• _Data supplied_

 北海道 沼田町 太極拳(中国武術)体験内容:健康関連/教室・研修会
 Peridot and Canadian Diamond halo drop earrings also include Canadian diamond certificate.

---

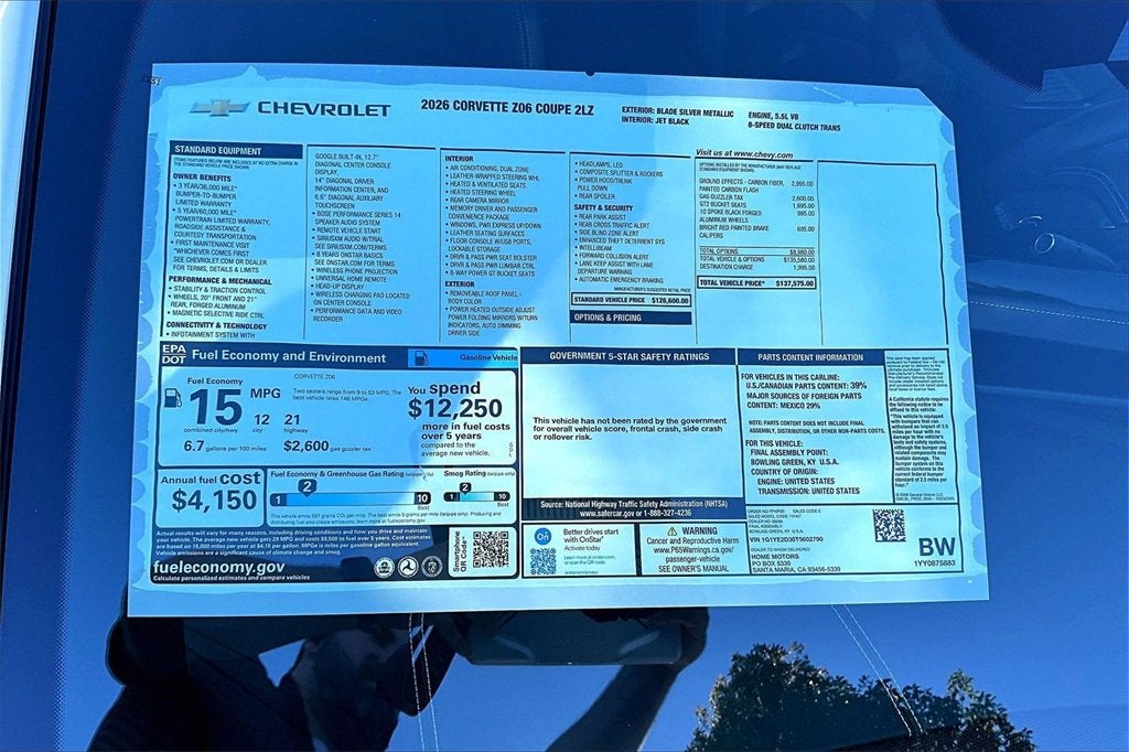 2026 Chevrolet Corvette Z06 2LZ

• _What needs to be done_
Set down, unchanged, only those lines above that fall between the line with "北海道 沼田町 太極拳(中国武術)体験内容:健康関連/教室・研修会" and the line with "Peridot and Canadian", the two end lines included.

• _Answer box_
 北海道 沼田町 太極拳(中国武術)体験内容:健康関連/教室・研修会
 Peridot and Canadian Diamond halo drop earrings also include Canadian diamond certificate.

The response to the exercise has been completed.